Start of GIVEN INFORMATION

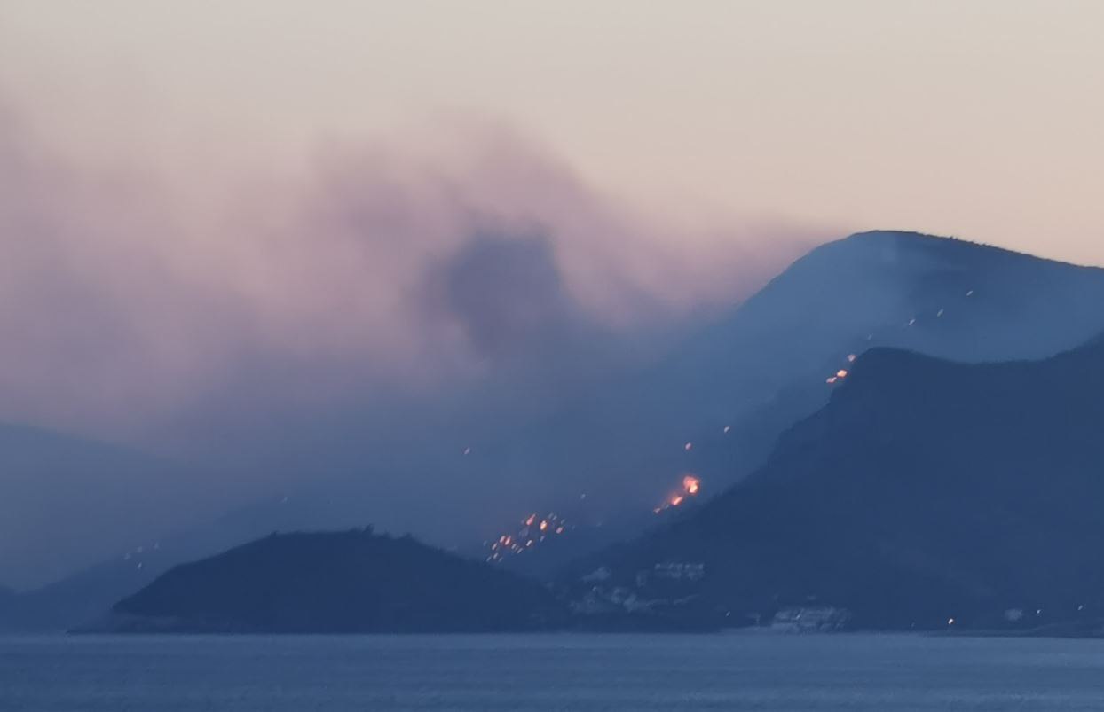 Σύμφωνα με την Πυροσβεστική, το έργο των δυνάμεών της, και των εθελοντών που συνδράμουν, δυσχεραίνουν οι ισχυροί άνεμοι που πνέουν στην περιοχή
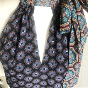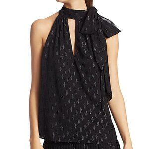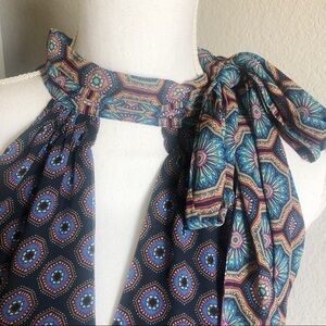 Bold, modern halter keyhole top with a defining side knot. Beautiful mixed pattern Ramy Brook halter tie neck blouse. Brand/size tag removed. Please see measurements for fit.
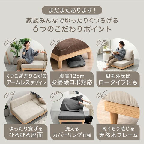 | 備考 | 【組立品】 ※配送は全て宅配便(1人)での玄関渡しとなります。大型商品や重量商品、エレベーターの無い2階以上にお住まいのお客様は、玄関口までの搬入をお手伝いをお願いしております事をご了承ください。 ※商品ページの色味は、出来る限り実物に近い色で画像を掲載しておりますが、お使いのブラウザー及びモニターや使用環境により、実際の色と多少の差異があります。予めご了承ください。 ※本ソファのカバーはご家庭でお洗濯可能です。製品についている洗濯表示には「ドライクリーニングのみ可」の記載がありますが、30℃を限度に弱~標準モードであればご自宅の洗濯機でお手入れできます。 ※こちらの商品は2025年1月29日に、カラー名を「ダークブラウン」から「モカブラウン」に変更しました。 |
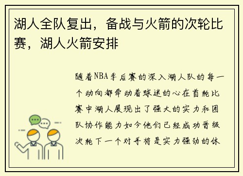title>湖人全队复出,备战与火箭的次轮比赛,湖人火箭安排 - 星空体育(China)官方网站 STARRYSKY SPORTS
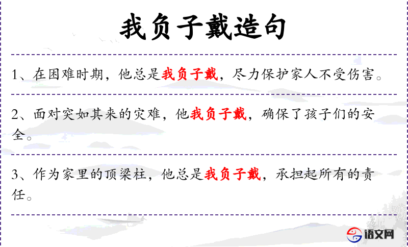 句子:“作为家里的顶梁柱,他总是我负子戴,承担起所有的责任。”
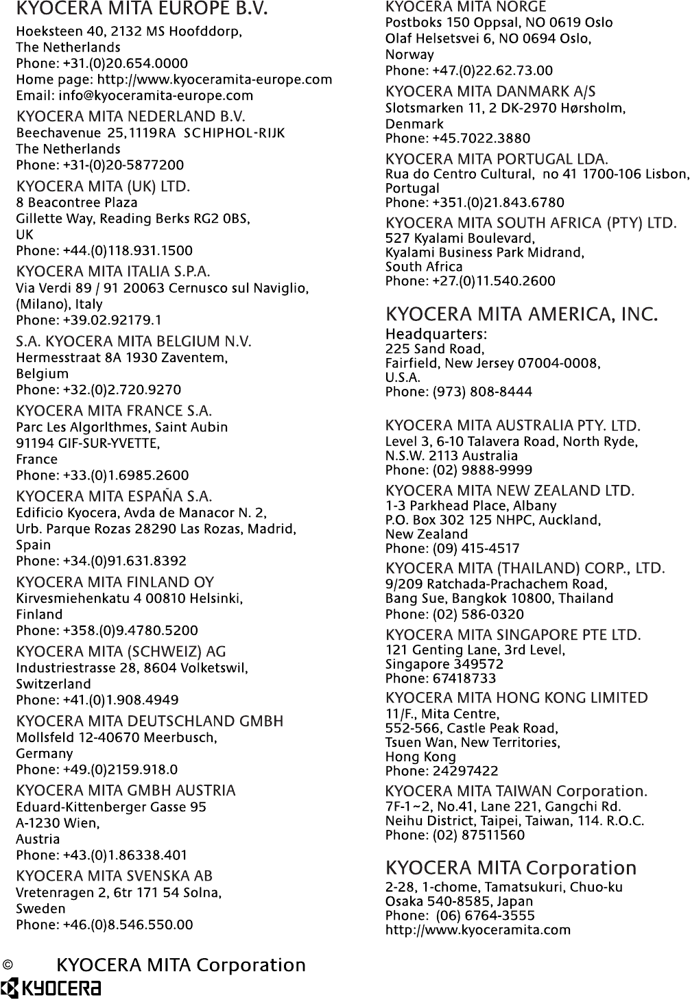 Kyocera Mita Corporation is prohibited. Any copies made of all or part of
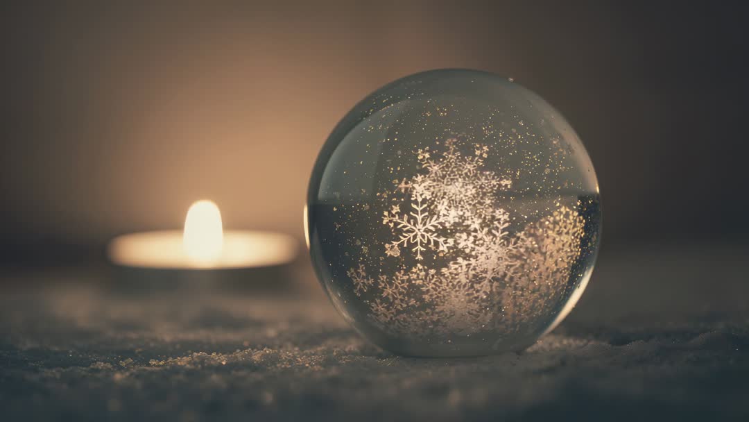 - Candlelight revealing snowflake patterns inside crystal orb on snowy tabletop

End of GIVEN INFORMATION

TASK DIRECTIONS:
Could you reproduce the data above exactly, without its pictures?

REPLY TO THE EXERCISE:
 Σύμφωνα με την Πυροσβεστική, το έργο των δυνάμεών της, και των εθελοντών που συνδράμουν, δυσχεραίνουν οι ισχυροί άνεμοι που πνέουν στην περιοχή
 Bold, modern halter keyhole top with a defining side knot. Beautiful mixed pattern Ramy Brook halter tie neck blouse. Brand/size tag removed. Please see measurements for fit.
 | 備考 | 【組立品】 ※配送は全て宅配便(1人)での玄関渡しとなります。大型商品や重量商品、エレベーターの無い2階以上にお住まいのお客様は、玄関口までの搬入をお手伝いをお願いしております事をご了承ください。 ※商品ページの色味は、出来る限り実物に近い色で画像を掲載しておりますが、お使いのブラウザー及びモニターや使用環境により、実際の色と多少の差異があります。予めご了承ください。 ※本ソファのカバーはご家庭でお洗濯可能です。製品についている洗濯表示には「ドライクリーニングのみ可」の記載がありますが、30℃を限度に弱~標準モードであればご自宅の洗濯機でお手入れできます。 ※こちらの商品は2025年1月29日に、カラー名を「ダークブラウン」から「モカブラウン」に変更しました。 |
title>湖人全队复出,备战与火箭的次轮比赛,湖人火箭安排 - 星空体育(China)官方网站 STARRYSKY SPORTS
 句子:“作为家里的顶梁柱,他总是我负子戴,承担起所有的责任。”
 Kyocera Mita Corporation is prohibited. Any copies made of all or part of
 - Candlelight revealing snowflake patterns inside crystal orb on snowy tabletop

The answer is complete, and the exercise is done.